Segment Start: Data shown

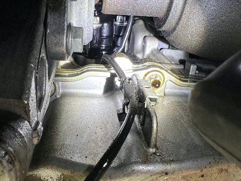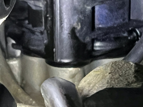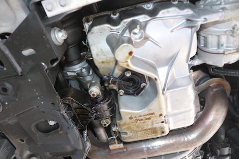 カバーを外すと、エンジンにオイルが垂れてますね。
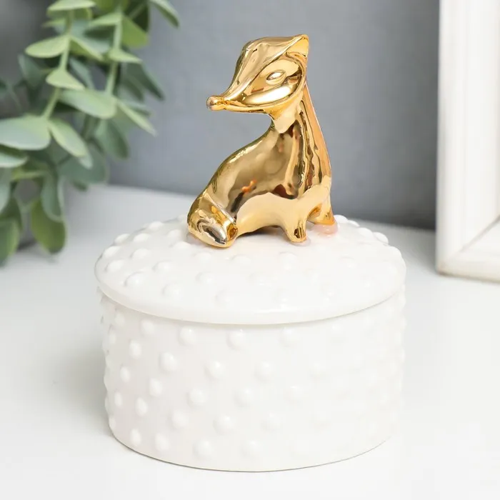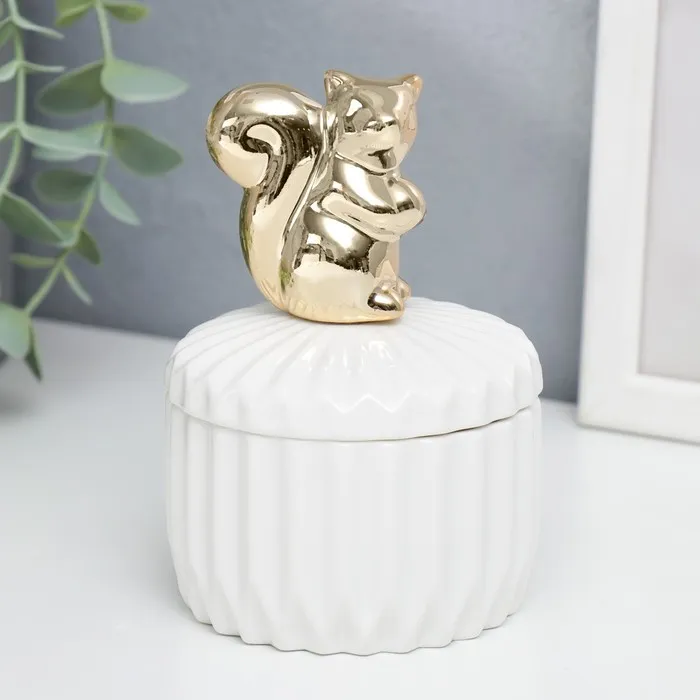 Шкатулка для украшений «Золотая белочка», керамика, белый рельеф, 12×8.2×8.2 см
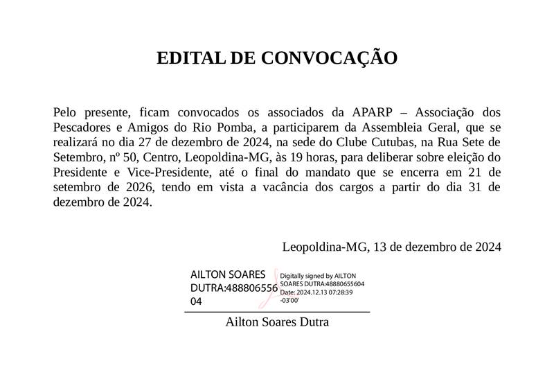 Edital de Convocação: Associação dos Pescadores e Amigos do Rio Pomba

Segment End: Data shown

_Required action_: Write the listing out a second time exactly, dropping all images.

_Exercise response_:
 カバーを外すと、エンジンにオイルが垂れてますね。
 Шкатулка для украшений «Золотая белочка», керамика, белый рельеф, 12×8.2×8.2 см
 Edital de Convocação: Associação dos Pescadores e Amigos do Rio Pomba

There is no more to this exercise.